Your task is to copy the lines of the data below from the line holding "l’eau potable s’est" through the line holding "[This review was", inclusive, exactly and with nothing added.

#### [Source data]
--*--

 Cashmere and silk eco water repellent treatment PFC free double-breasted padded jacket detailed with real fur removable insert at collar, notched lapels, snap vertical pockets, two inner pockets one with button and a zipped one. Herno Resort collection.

--*--

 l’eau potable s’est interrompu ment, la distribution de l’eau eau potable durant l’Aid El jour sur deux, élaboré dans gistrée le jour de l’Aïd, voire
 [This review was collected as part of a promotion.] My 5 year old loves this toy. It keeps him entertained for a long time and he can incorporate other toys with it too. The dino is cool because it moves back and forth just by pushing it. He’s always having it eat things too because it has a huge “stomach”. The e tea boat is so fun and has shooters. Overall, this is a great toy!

--*--

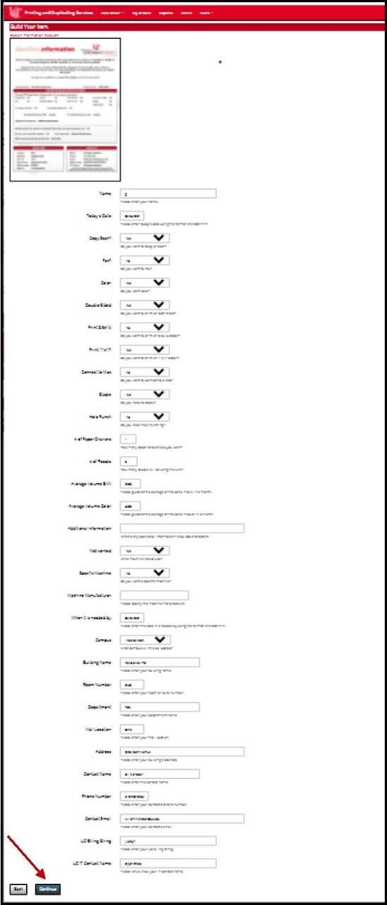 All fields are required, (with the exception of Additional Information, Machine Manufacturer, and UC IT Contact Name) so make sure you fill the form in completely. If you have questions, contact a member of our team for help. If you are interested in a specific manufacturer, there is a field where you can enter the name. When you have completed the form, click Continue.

--*--

#### [Result below]
 l’eau potable s’est interrompu ment, la distribution de l’eau eau potable durant l’Aid El jour sur deux, élaboré dans gistrée le jour de l’Aïd, voire
 [This review was collected as part of a promotion.] My 5 year old loves this toy. It keeps him entertained for a long time and he can incorporate other toys with it too. The dino is cool because it moves back and forth just by pushing it. He’s always having it eat things too because it has a huge “stomach”. The e tea boat is so fun and has shooters. Overall, this is a great toy!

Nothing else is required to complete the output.